A communication may be provided by a fixed line and/or wireless communication interfaces. A feature of wireless communication system is that they provide mobility for the users thereof. An example of communication systems providing wireless communication is a public land mobile network (PLMN). An example of the fixed line system is a public switched telephone network (PSTN).
The communication system typically operates in accordance with a given standard or specification which sets out what the various elements of a system are permitted to do and how that should be achieved. For example, the standard or specification may define if the user or more precisely user equipment is provided with a circuit switched server or a packet switched server or both. Communication protocols and/or parameters, which should be used for the connection, are also typically defined. For example, the manner in which communication is implemented between the user equipment and the elements of the communication network is typically based on a predefined communication protocol. In other words, a specific set of rules on which the communication can be based needs to be defined to enable the user equipment to communicate via the communication system.
The 3G partnership project (3GPP) is defining a reference architecture for the universal mobile telecommunication system (UMTS) core network which will provide the users of user equipment with access to services. The term “service” used in this document should be understood to broadly cover any services or goods which a user may desire, require or be provided with. The term is to be understood to cover the provision of complementary services. In particular, but not exclusively, the term “service” will be understood to include internet protocol multimedia IM services, conferencing, telephoning, gaming, rich call, presence, e-commerce, messaging and instant messaging.
Reference will be made to the 3GPP technical specification TS24.234 and TS23.234, both documents, which are hereby incorporated by reference. Both of these documents relate to WLAN (wireless local area network) inter working. WLAN inter working is inter working between a proposed 3GPP system and the WLAN family of standards. Examples of WLAN radio network type technology include Bluetooth, the IEEE standards 802.11B, 802.11G, 802.11A and HIPERLan-2. The wireless local area network inter working allows a WLAN UE (user equipment) to connect to a WLAN and from there to either a visited PLMN or the home HPLMN. The PLMNs are 3G communication systems. A WLAN UE is all the user equipment, which can be used to allow a 3GPP subscriber to access the WLAN inter working. This may include, for example a computer. It should be appreciated that the WLAN UE may be capable of WLAN access only or may be capable of WLAN and 3GPP system access.
In the proposed specification, the network selection procedure consists of two parts. The first part is radio selection. This is the first phase of network selection and always takes place before VPLMN (visited PLMN) selection. In this phase the WLAN UE selects an access point AP and associates itself with it. The parameter used for the selection of the access point is the SSID (service set ID). In the second part, the VPLMN is selected. After selecting an access point, that is after completion of the radio selection, the WLAN UE may need to select a PLMN through which to authenticate, if more than one is available behind the chosen WLAN. This is called VPLMN selection in the WLAN inter working.
However, the proposed procedure has a problem. After associating with an access point, the WLAN UE initiates the VPLMN selection process. EAP (extensible authentication protocol) as defined in the IETF Internet Engineering Task Force draft as defined in draft-arkko-pppext-eap-aka (EAP AKA (authentication and key agreement) authentication) and draft-haverinen-pppext-eap-sim (EAP SIM (subscriber Identity module)). Both of these documents are hereby incorporated by reference.
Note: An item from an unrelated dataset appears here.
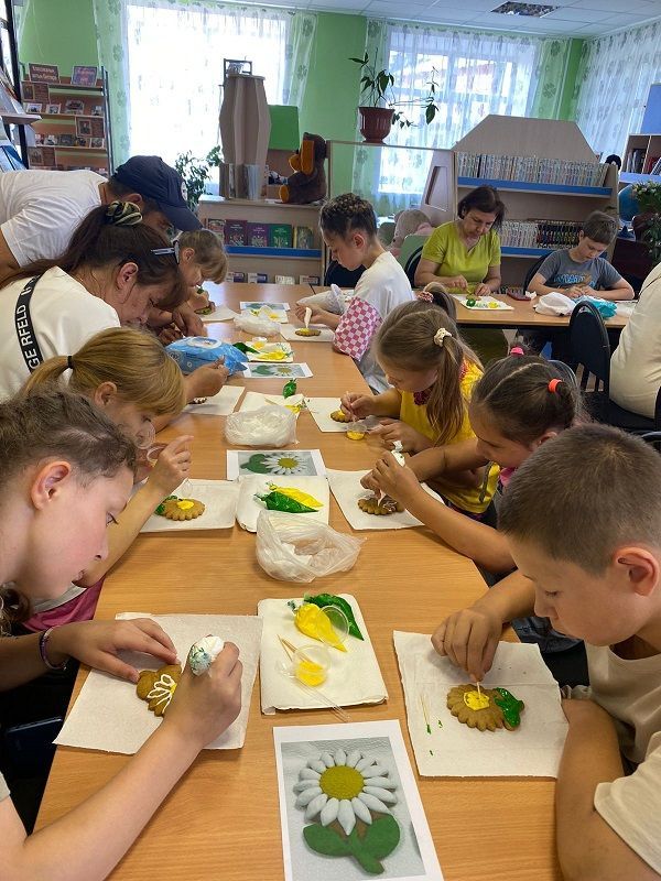 В здании библиотеки для юных путешественников был организован мастер- класс по росписи имбирных пряников. Своими руками ребята украсили глазурью пряники-ромашки.

When the WLAN user equipment receives an EAP failure indicating that the procedure has failed, it is not always advised as to the reason of the failure. This is disadvantageous because the WLAN UE could end up associating with each available access point until it finds one which supports WLAN inter working and/or has the capability to route the WLAN user equipment authentication signalling to the home server. At this point, it is possible that the WLAN user equipment is not aware whether the AP supports WLAN IW and therefore is not able route EAP signalling to the home AAA server. It may also be possible that the AP supports WLAN inter working with the routing failing for other reasons, for example there is not a direct roaming relationship with the respective home PLMN. Yet another possible cause of failure could be authentication failure at the home server, even if the AP was able to route the signalling to the HPLM.
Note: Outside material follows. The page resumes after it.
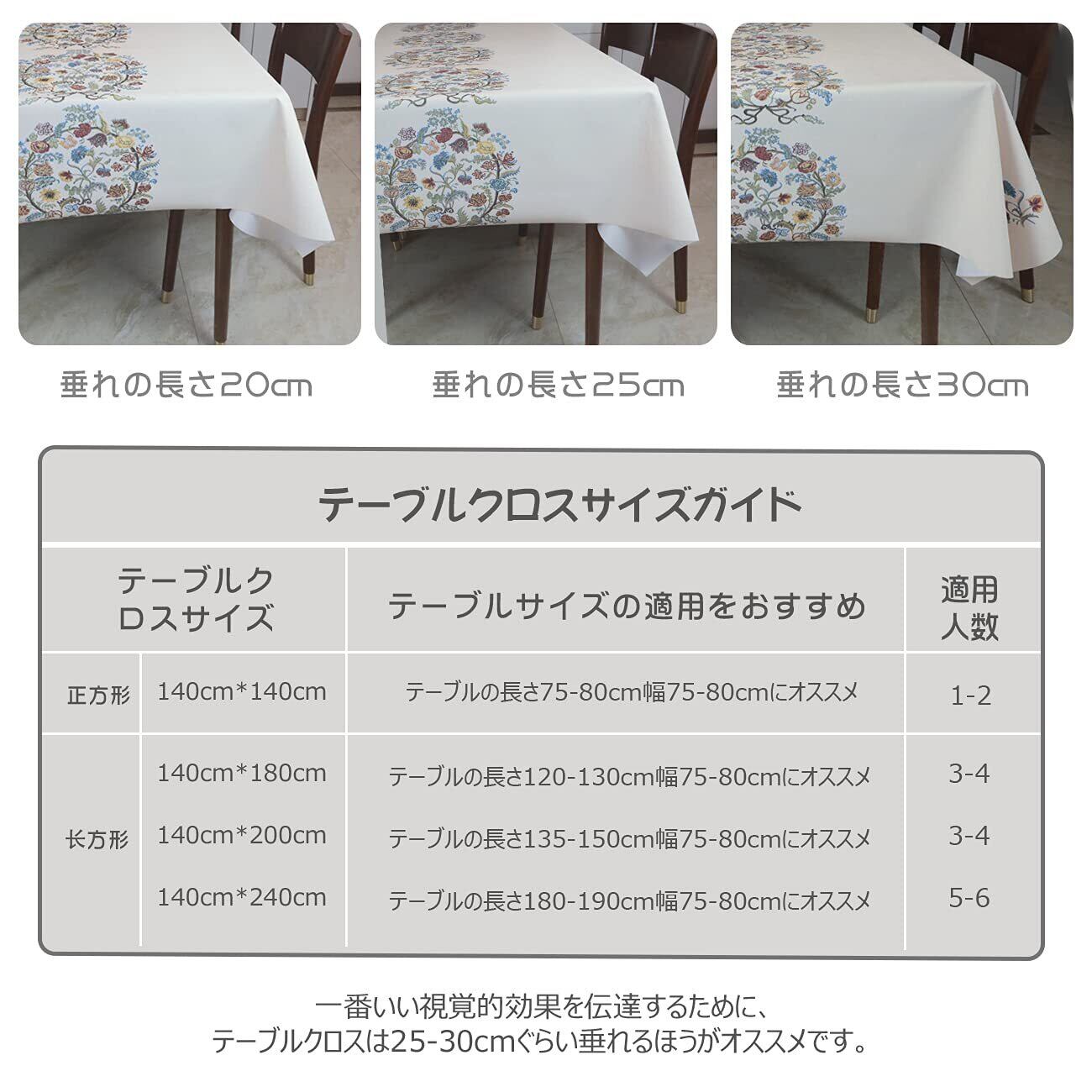 140×180cmのサイズ展開で、家庭用テーブルはもちろん、カフェやレストランでも使用可能です。正方形または長方形のテーブルにもぴったりフィットし、自在にアレンジできます。

It is the aim of the embodiments of the present invention to address the problems discussed.
According to a first aspect of the present invention, there is provided a method of connecting user equipment to a communications network via a wireless local area network, said method comprising the steps of a first selecting step for selecting an access point, a second selecting step for selecting a communications network, wherein if said connection fails, sending a message comprising information indicating if said access point supports inter-working with a communications network.
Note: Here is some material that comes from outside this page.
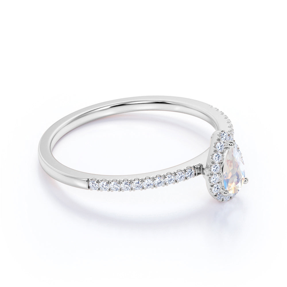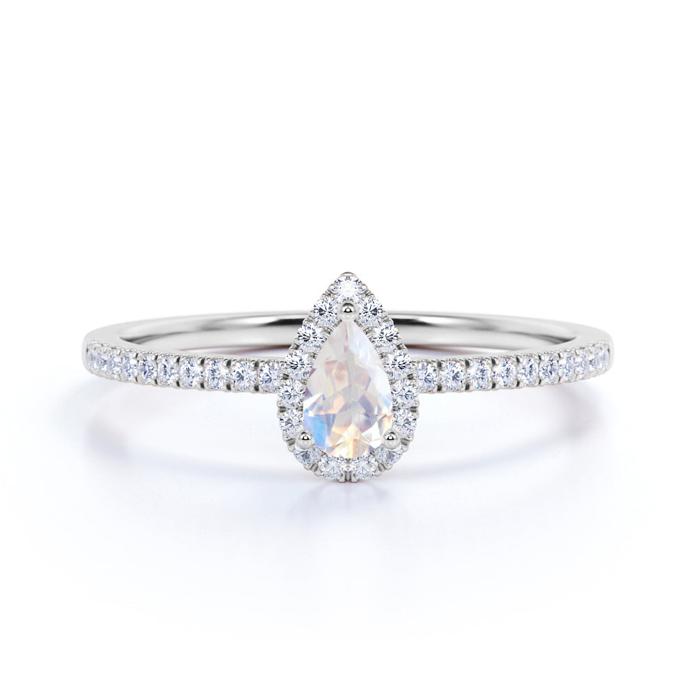 1 Carat Teardrop Rainbow Moonstone and Moissanite Halo Dainty Ring in 18k White Gold over Silver

According to another aspect of the present invention, there is provided a method of connecting user equipment to a communications network via a wireless local area network, said method comprising the steps of a first selecting step for selecting an access point, a second selecting step for selecting a communications network, wherein if said connection fails, sending a message comprising information indicating a location at which said connection fails.
According to another aspect of the present invention, there is provided a system comprising user equipment to be connected to a communications network via a wireless local area network, said wireless local area network having an access point, wherein if said connection fails, the wireless local area network is arranged to send a message to the user equipment comprising information indicating if said access point supports inter-working with the communications network.
According to another aspect of the present invention, there is provided a system comprising user equipment to be connected to a communications network via a wireless local area network, said wireless local area network having an access point, wherein if said connection fails, the wireless local area network is arranged to send a message to the user equipment comprising information indicating a location in said network at which said connection fails.
According to another aspect of the present invention, there is provided an entity of a wireless local area network in a system comprising user equipment to be connected to a communications network via the wireless local area network, said wireless local area network having an access point, said entity being arranged to send a message to the user equipment comprising information indicating if said access point supports inter-working with the communications network.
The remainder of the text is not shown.